Unable to find work and often saddled with college loans, 20-somethings have been turning empty nests into cluttered ones, forcing their boomer parents -- who once saw the brass ring of retirement as within their grasp -- to rethink their plans to quit working.In honor of this phenomenon (the slick trend-spotter articles, not the adult children moving back in with their parents because the economy went into the tank), p3 is proud to present -- for the first time in public -- the lost verse to Harry Chapin's nearly-prescient 1974 hit “Cat's in the Cradle.”
According to the Pew Research Center, more than 21 percent of adult children ages 25 to 34 are living in multigenerational households, the highest level since the 1950s.
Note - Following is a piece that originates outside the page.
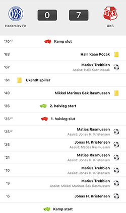 Det blev således også kun til en enkelt scoring i anden halvleg, sat ind af OKS’s Marius Trebbien, der fik fuldendt dagen med et hatrick og scoring til kampens resultat, 7-0.

While in some cases, the arrangement has drawn families closer, for others this way of living sometimes hits a few rough patches.
My son called me up just the other day,
He said I lost my job, got somewhere I can stay?
The bank foreclosed at ten o'clock today,
And then another came, and took our car away.
You see, it's only for a while, 'til we can manage rent,
Those college loans are making quite a dent.
And as I hung up the phone I realized
My boy would never leave here --
My boy will never leave.
The Cat's back in the Cradle with his laundry, too,
Little Boy Blue and his wife Betty Lou,
When you movin' out, son? I don't know when,
But I'll sure get back to you, Dad,
When your IRA's empty, too.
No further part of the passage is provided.